Events and road shows are a great way to mark company milestones, launch new initiatives or signpost changes. When it all comes together on the day, it looks easy – but someone has to take care of the detail and ensure that people attend.
Ten Things You Should Do
- Agree the purpose. Have a clear objective and make sure everyone, especially those inside the company, know the reasons for the event.
- Research your audience. Know who you want to invite, why you want to invite them and what impression you want them to have when they leave.
- Plan. Begin planning the event at least six months ahead. This will give time for your guests to find space in their diaries and you to find the right venue, book caterers, florists, photographers, set contractors, AV, and so on.
- Think presentation. If the event is on your premises then bring the maintenance schedule forward, add a lick of paint, replace worn carpets, broken light bulbs, holed fencing, tired signage or anything that would reflect badly.
- Issue proper invitations. Many people will not RSVP. You will have to chase and chase again, then chase some more. Even when they promise to come you must still phone them again the week before to confirm attendance, details of travel, accommodation, chauffeuring arrangements.
- Assign escorts.
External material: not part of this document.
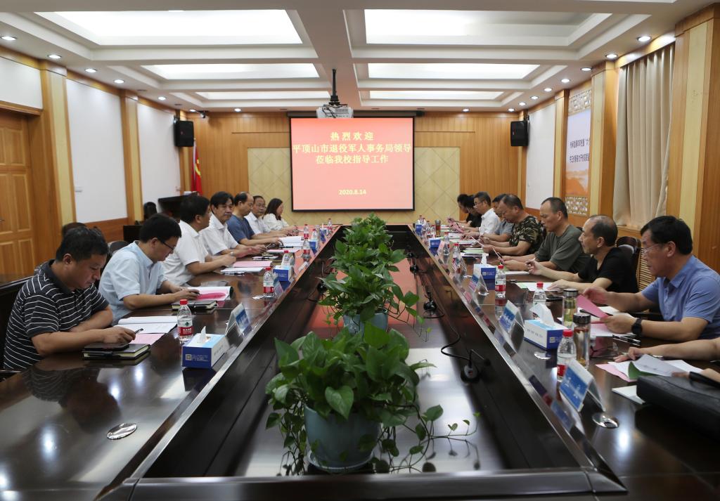8月14日下午,平顶山市退役军人学院筹备推进会在学校办公楼二楼会议室举行,平顶山市退役军人事务局局长席新利及领导班子成员,学校党委常务副书记宋伟毅、副校长李新玉、纪委书记李清锋,网络教育学院、教务处、招生处等相关部门负责同志等参加了会议。

On the day, all key guests should have an escort who will be an ambassador for the company, briefing guests, controlling what they see and ensuring that their needs are met.
- Consider timing. Allow time for guests to travel to and from the event. Where the press are attending, allow time for them to return to their base or provide facilities for them to file their report.
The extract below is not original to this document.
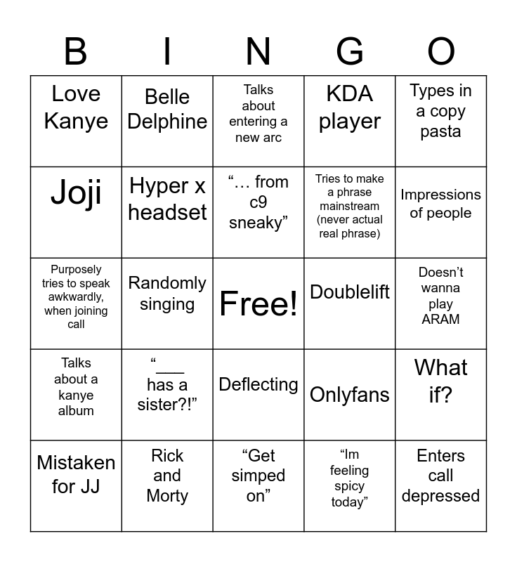 This bingo card has a free space and 24 words: “___ has a sister?!”, Rick and Morty, “… from c9 sneaky”, Mistaken for JJ, Types in a copy pasta, Love Kanye, Joji, Belle Delphine, Doublelift, Deflecting, Tries to make a phrase mainstream (never actual real phrase), Purposely tries to speak awkwardly, when joining call, Onlyfans, What if?, Hyper x headset, “Im feeling spicy today”, Doesn’t wanna play ARAM, Talks about entering a new arc, Impressions of people, Randomly singing, Enters call depressed, Talks about a kanye album, KDA player and “Get simped on”.

- Beware of sounds off stage – fans, tannoys, traffic noise, kitchen staff and so on. This can cause embarrassment, especially when the guest speaker is interrupted.
- Record the event. Digital photography and high definition camcorders are very affordable and forgiving in the hands of keen amateurs. If the budget will stretch bring in the professionals for top notch video and picture production. This will provide a wealth of visual materials for use on CD/DVD, memory sticks, web sites or other presentation media.
- Co-ordinate. If all this sounds like hard work, it is. A member of staff should be given responsibility for the arrangements, and relieved of other tasks while they do this. Alternatively, bring in an outside events organiser professional with experience.
Five Things You Should Not Do
- Don’t pick a day that clashes with national holidays. Everyone who isn’t away is probably covering the work load for someone who is.
- Don’t expect people to attend at short notice. Even if they say they ‘might come’, most people will not come and you will not have time to persuade them to attend.
- Don’t set up an event that clashes with another popular event. If the World Cup final is taking place or they are about to land a human on Mars for the first time, then all the effort you put into your event could be wasted. Research what else is going on. Pay particular attention to major events in your own industry too!
- Don’t assume the weather will be perfect. Have contingency plans for poor weather and sensible precautions like golf umbrellas on hand to escort people from the car park.
- Don’t give tacky gifts. Most people already have enough mugs, pens, memory sticks and key fobs. Mementoes should be memorable.